Sunday, 10 January 2016

moral hazards - mishaal kirpalani

Moral Hazards
By Mishaal Kirpalani
Asymmetric information
This is when one party does not have as much information about the product as the other. This leads to a kind of market failure.

Examples

·      Buyer has more information than the seller
In health insurance, the buyer knows how bad or good his health actually is while the insurance company knows only a limited mount of information from the buyer’s medical reports

·      The seller has more information that the buyer
In real estate businesses the seller has a lot more information about the property he is selling but he would like to sell it for a high value and therefor will withhold valuable information from the buyers. Information like neighbourhood criminal activities or the structural integrity of the building.

Moral hazards
Moral hazards occur because of asymmetric information. This is when a buyer or seller changes their behaviour after the purchase of the product. This is also he principal agent problem

Examples
·      When the buyer changes behaviour
Taking the previous example of insurance, we can see that the buyer knows his own bad or good habits. After successfully purchasing insurance, the buyer will or can change his/her behaviour because he knows that he is insured

·      When the seller changes behaviour
When a person buys a second hand car and the deal is made and the delivery date is set, the seller would drive his/her car recklessly as it is not their property anymore and they do not have to pay for damages

Solutions
·      Private insurance companies charge higher insurance rates just in case their buyers behaviour changes. The also have ‘out of pocket payments’ where the buyer must pay some money as well when claiming his/her insurance. This ‘out of pocket payment’ acts as an incentive for people to not be reckless.
·      Information through government or other sources also helps as the buyer is more aware of what he/she is buying
·      Incentive also works as a solution.
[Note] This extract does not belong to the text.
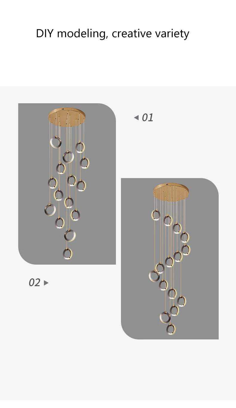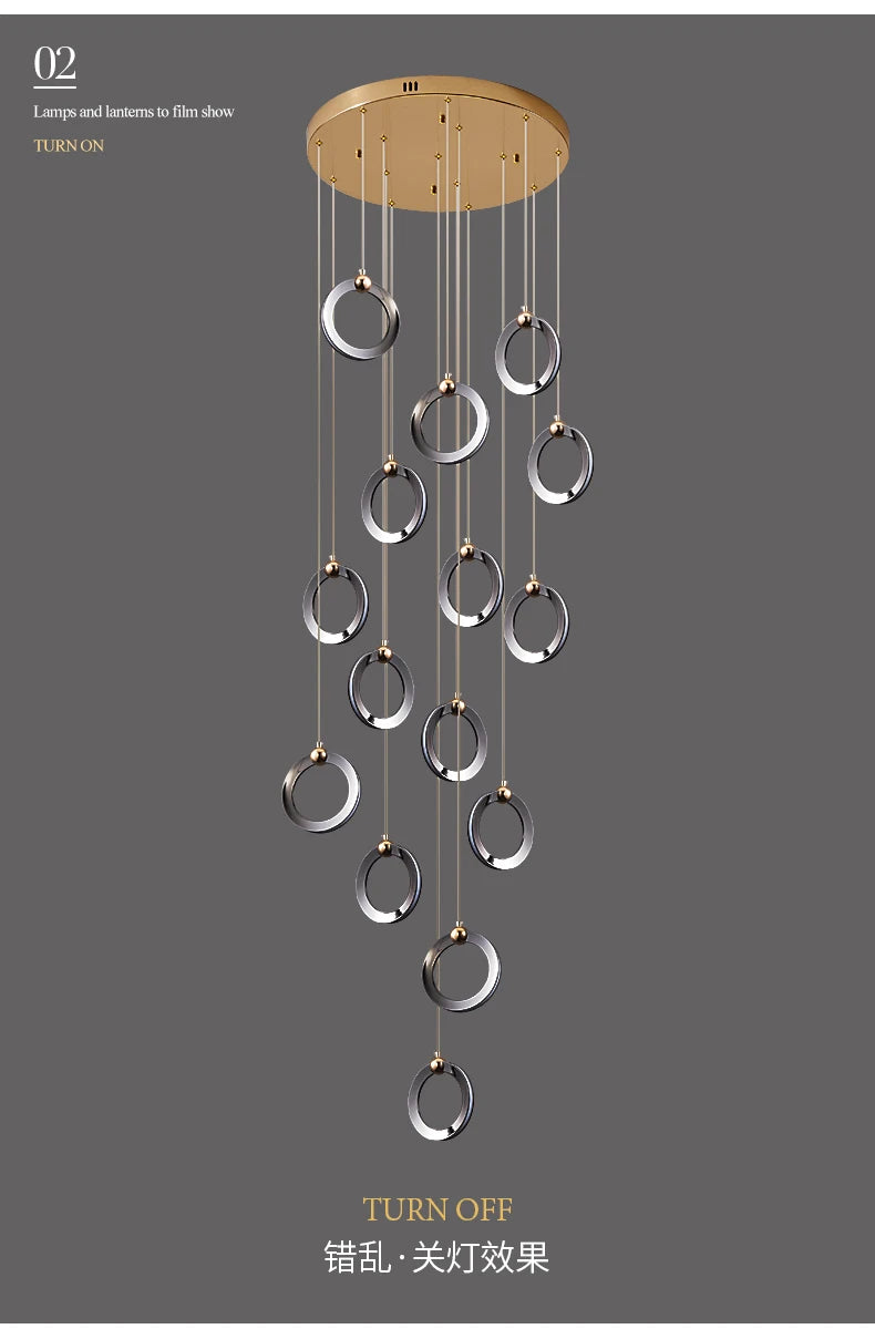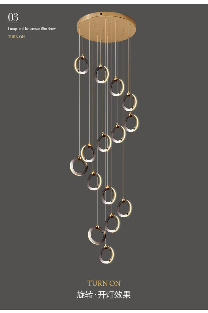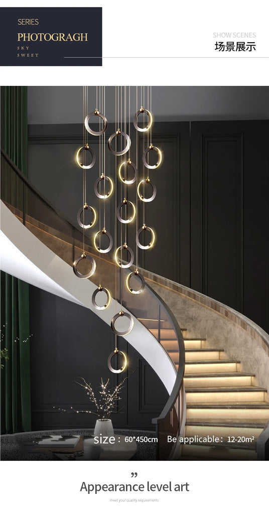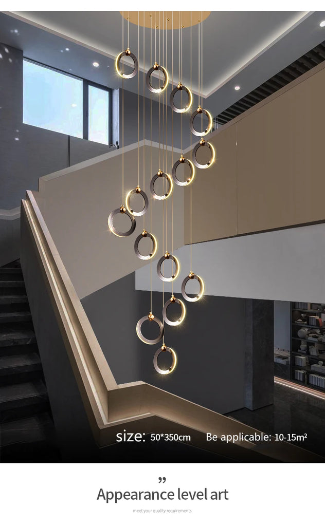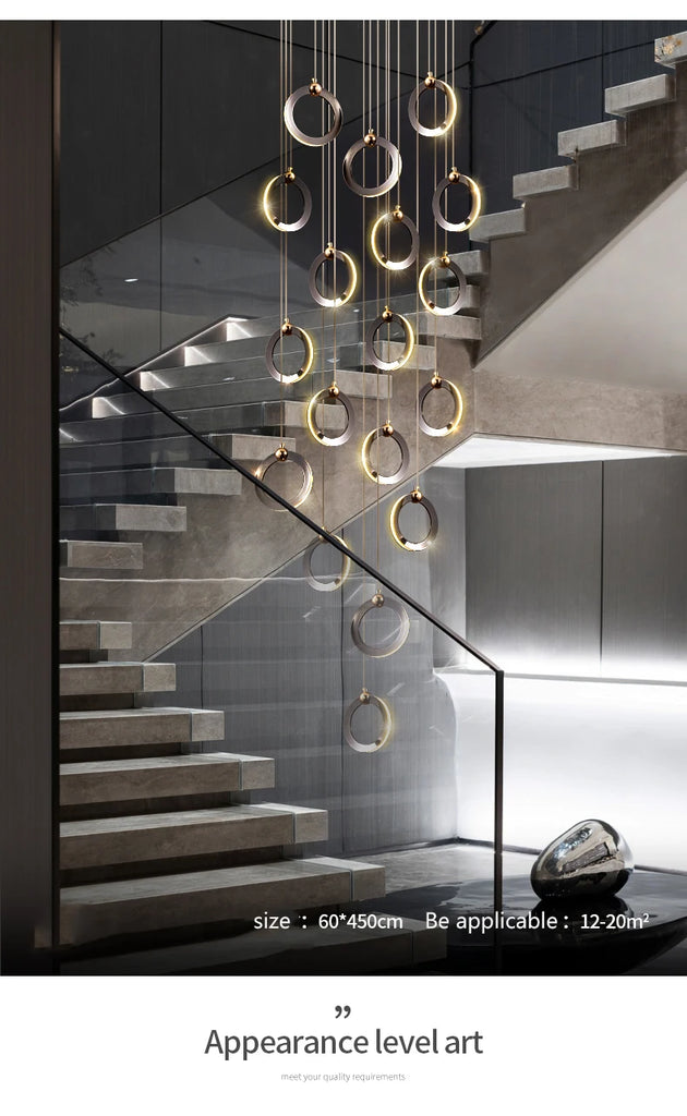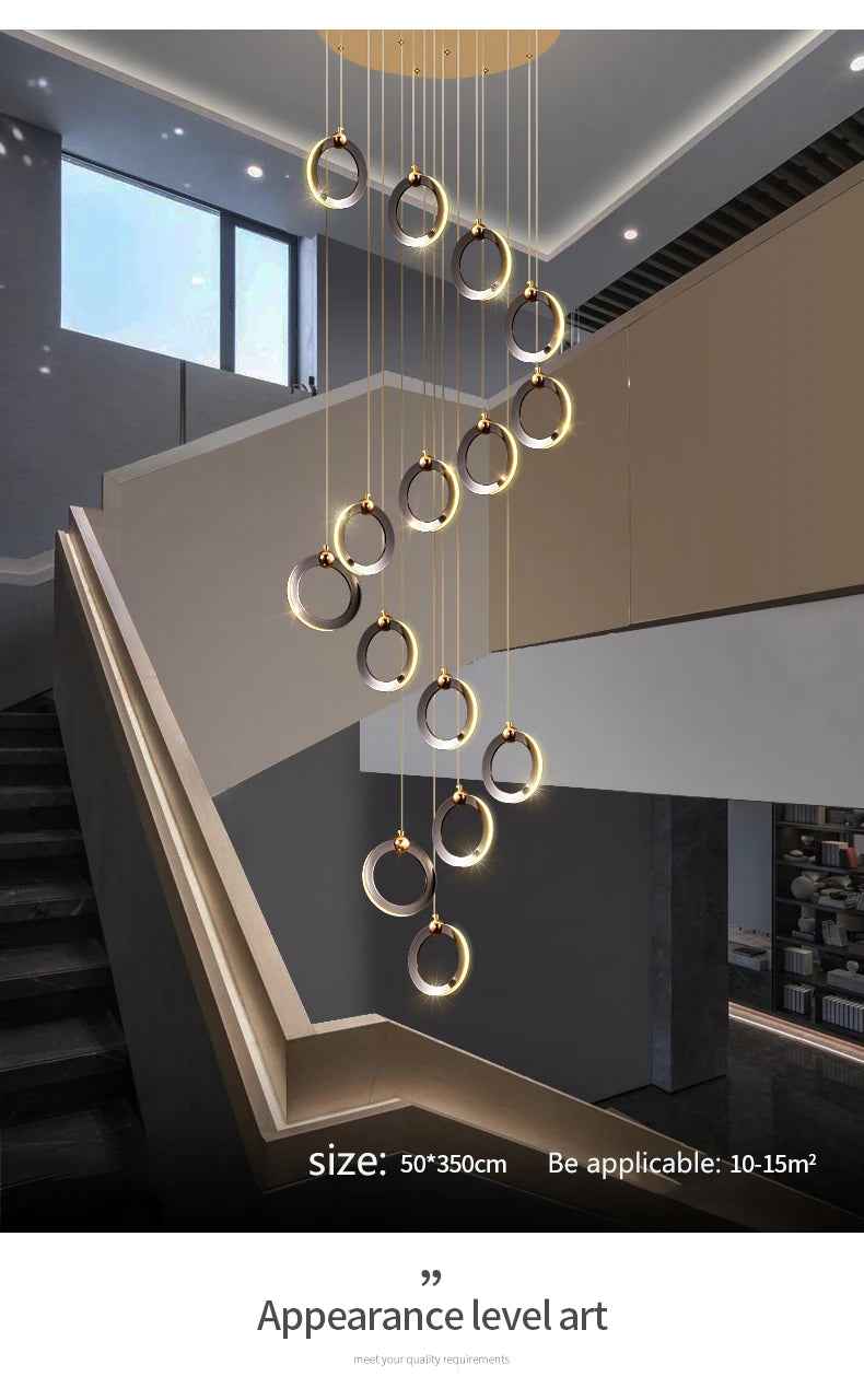 • The WL Rynel Black Gold Minimalist Ring Staircase Chandelier embodies light luxury and architectural grace. Featuring floating circular pendants finished in matte black and pearl gold, it creates a refined contrast of modern minimalism and sculptural artistry. Perfectly suited for duplex staircases, villas, lofts, and high-ceiling living rooms, Rynel’s cascading layout and warm LED illumination bring depth and elegance to contemporary interiors.

An office worker who is hired can change his work habits after being hired and his employer cannot know what he is doing at all times. However, if he is paid well, he will work his best not to lose his job.

Citations
http://www.econport.org/content/handbook/Imperfect-Information/asymmetric.html
http://www.econport.org/content/handbook/Unemployment/Comparing/MoralHazard.html




1 comment:

Bipin Kala said...

You explained the concept beautifully.
Is it possible to present case study that can support your views. Evaluate the causes and consequences of the situation that will lead to market failure. To an what extent government intervention can help the market to recover from the failure.